The farther away we move from the physical economy into the manipulation of symbols through public policy, the more progressive ideas make apparent sense. And symbolism is more comfortable for progressives in general, owing to a disinclination to literally get their hands dirty. There is, for example, no environmentally clean way to produce energy, and the really productive ways of producing energy — like fracking for gas in Pennsylvania — give them the fantods. There is no environmentally clean way to build a man a house, either, or provide him with clean drinking water, or to heat that house, or to grow a crop of wheat, or to make that wheat into bread. If you think you can have health care and electric cars without steel mills and oil refineries, you are mistaken. But actually expanding physical production within our own political boundaries, for instance by building more pipelines to connect petroleum producers with petroleum refiners, scandalizes the progressives. Every smokestack is another Barad-dûr to them — even as they bemoan the loss of “good factory jobs,” the largely mythical former prevalence of which provided their political forebears with a deep bucket of solutions to throw at the problem of potentially bumptious poor people. They detest the economic use of undeveloped lands, whether for energy or timber or grazing cattle — as though beef comes from Trader Joe’s.

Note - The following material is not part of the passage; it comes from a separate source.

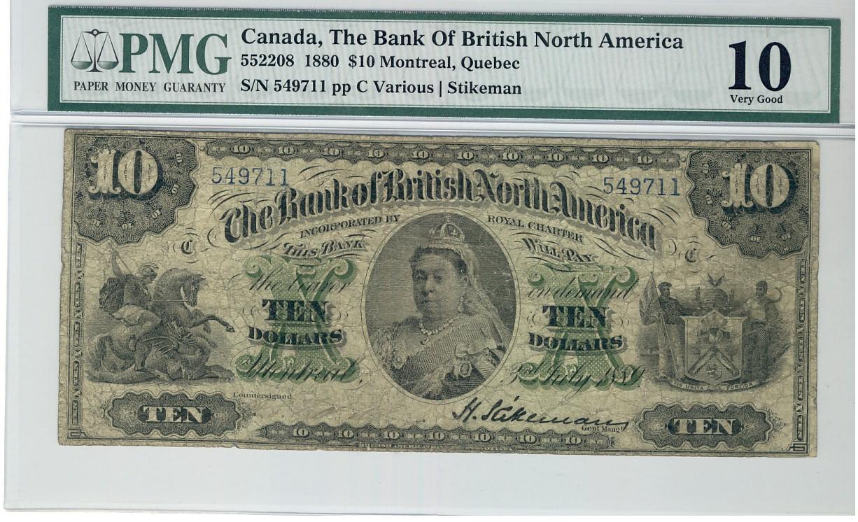The British Bank of North America, 1889 $10 #549711, CH-55-22-08 PMG VG10.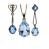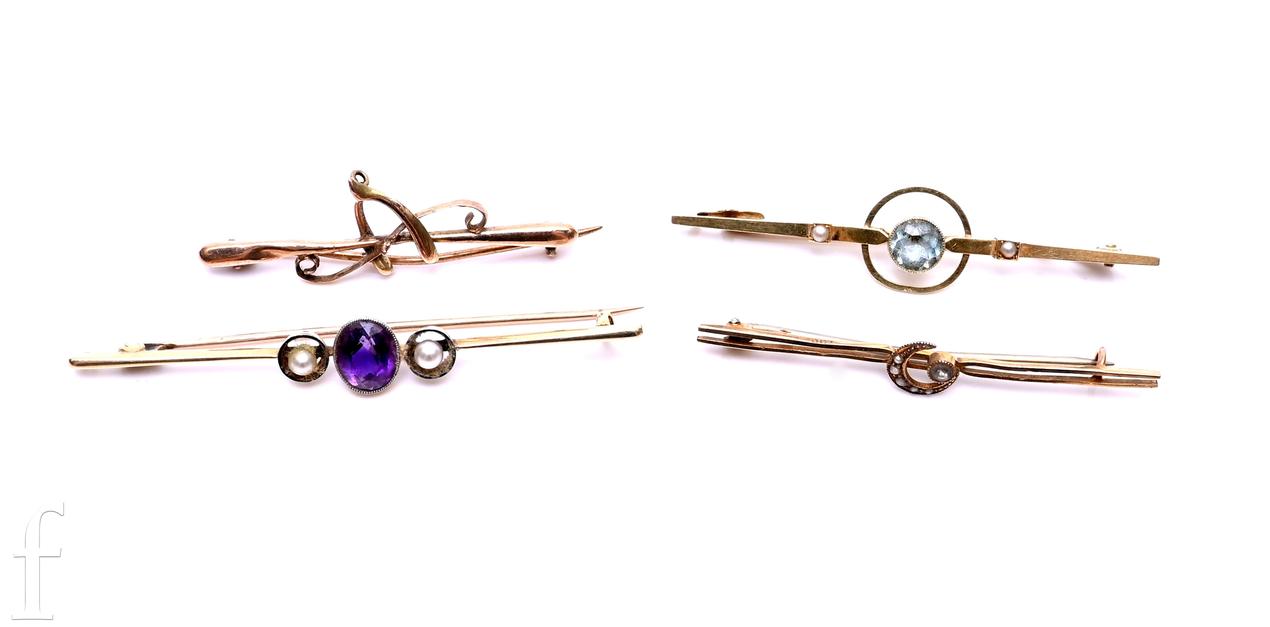 An amethyst and seed pearl brooch, circa 1900, the circular mixed-cut amethyst collet set with two seed pearl highlights, total weight 3.6g, 6.3cm long, an Edwardian aquamarine and seed pearl brooch, the mixed-cut aquamarine millegrain collet set on a knife edge bar with seed pearl highlights, marked '9ct', total weight 3.5g, 5.9cm long, a late Victorian seed pearl and aquamarine bar brooch, marked '9ct', total weight 1.8g, 5.3cm long, and a late Victorian gold brooch, with horseshoe motif, marked '9ct', total weight 1.4g. (4)

They refuse to understand that if you want more oranges and apples, you have to plant some trees — maybe even cutting down some other trees to make room for them, or, angels and ministers of grace defend us, harassing a tortoise in the process.

Though there are many exceptions, the closer a man’s occupation takes him to the physical economy, the more skeptical he is of progressive central-planning ambitions. You do not meet a great many left-wing corn farmers, copper-mine operators, oil drillers, or house builders. You do meet a fair number of progressives on Wall Street and Silicon Valley and on the campus of Harvard utterly failing to teach the likes of Mr. Carrillo the fundamentals of economics, prose composition, or anything else. Follow that road to its terminus and you end up at the place in which the secret to national prosperity appears, self-evidently, to be stimulating demand, as though the nation could grow wealthier by wanting more rather than by making more, as though we could consume that which has not been produced.